# Records for this task
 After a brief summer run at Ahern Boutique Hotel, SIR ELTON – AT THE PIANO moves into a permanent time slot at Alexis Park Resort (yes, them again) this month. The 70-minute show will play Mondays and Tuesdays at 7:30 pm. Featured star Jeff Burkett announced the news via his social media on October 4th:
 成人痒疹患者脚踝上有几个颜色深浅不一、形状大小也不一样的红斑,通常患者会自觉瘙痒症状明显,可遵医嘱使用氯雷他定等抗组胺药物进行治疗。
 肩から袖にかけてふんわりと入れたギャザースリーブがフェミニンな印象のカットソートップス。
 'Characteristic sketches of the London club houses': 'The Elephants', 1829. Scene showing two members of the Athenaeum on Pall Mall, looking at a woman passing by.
* * *
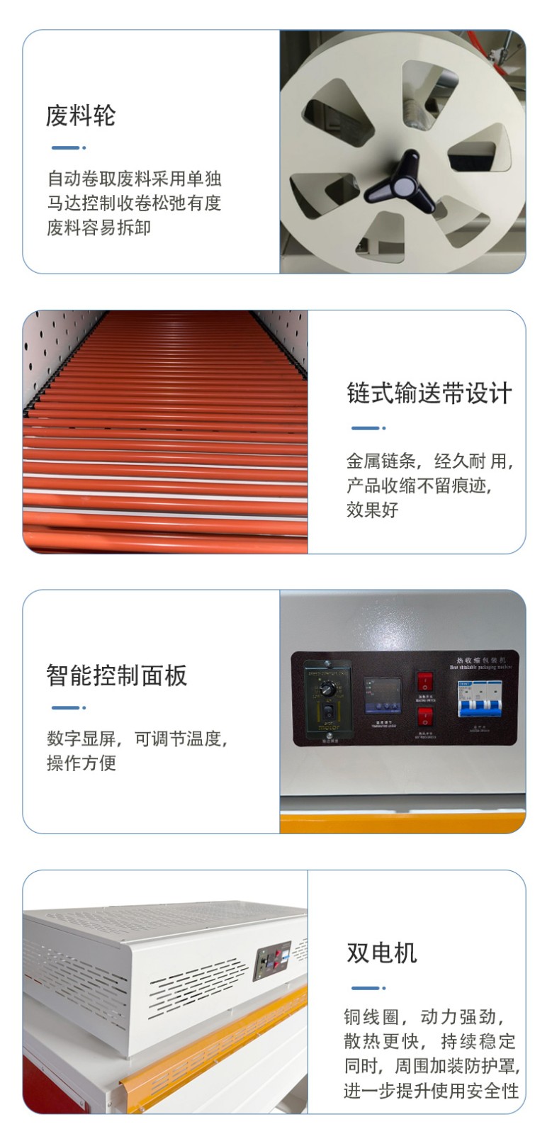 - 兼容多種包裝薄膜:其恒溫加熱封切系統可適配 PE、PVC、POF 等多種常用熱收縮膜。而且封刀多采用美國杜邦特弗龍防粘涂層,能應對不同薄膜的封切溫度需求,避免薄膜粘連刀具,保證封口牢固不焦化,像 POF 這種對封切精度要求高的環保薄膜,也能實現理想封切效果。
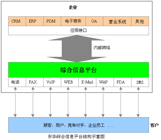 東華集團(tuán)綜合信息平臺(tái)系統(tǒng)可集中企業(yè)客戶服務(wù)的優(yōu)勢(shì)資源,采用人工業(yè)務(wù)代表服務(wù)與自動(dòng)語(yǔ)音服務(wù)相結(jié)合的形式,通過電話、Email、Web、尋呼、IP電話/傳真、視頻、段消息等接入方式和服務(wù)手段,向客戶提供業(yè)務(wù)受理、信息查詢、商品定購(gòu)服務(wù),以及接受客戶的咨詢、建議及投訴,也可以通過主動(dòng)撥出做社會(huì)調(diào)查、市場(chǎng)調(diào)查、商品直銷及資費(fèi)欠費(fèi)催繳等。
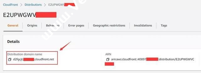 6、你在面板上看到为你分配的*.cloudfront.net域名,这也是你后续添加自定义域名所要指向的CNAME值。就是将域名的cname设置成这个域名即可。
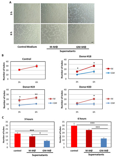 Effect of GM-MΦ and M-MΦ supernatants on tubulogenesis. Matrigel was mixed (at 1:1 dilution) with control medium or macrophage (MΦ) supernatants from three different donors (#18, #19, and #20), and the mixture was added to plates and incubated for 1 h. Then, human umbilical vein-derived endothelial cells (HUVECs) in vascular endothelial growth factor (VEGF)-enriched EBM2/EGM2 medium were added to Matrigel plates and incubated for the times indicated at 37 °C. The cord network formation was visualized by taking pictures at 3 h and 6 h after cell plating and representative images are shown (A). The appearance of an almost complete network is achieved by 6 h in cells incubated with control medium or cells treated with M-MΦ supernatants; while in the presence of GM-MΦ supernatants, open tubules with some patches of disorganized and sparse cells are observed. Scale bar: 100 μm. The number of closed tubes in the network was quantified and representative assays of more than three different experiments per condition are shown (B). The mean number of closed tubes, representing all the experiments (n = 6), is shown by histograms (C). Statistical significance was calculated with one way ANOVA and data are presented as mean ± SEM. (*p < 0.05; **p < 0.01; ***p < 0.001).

# Your goal
Above are the records. Copy the lines beginning at the one that has "After a brief" and ending with the one that has "成人痒疹患者脚踝上有几个颜色", unchanged.

# Answer area
 After a brief summer run at Ahern Boutique Hotel, SIR ELTON – AT THE PIANO moves into a permanent time slot at Alexis Park Resort (yes, them again) this month. The 70-minute show will play Mondays and Tuesdays at 7:30 pm. Featured star Jeff Burkett announced the news via his social media on October 4th:
 成人痒疹患者脚踝上有几个颜色深浅不一、形状大小也不一样的红斑,通常患者会自觉瘙痒症状明显,可遵医嘱使用氯雷他定等抗组胺药物进行治疗。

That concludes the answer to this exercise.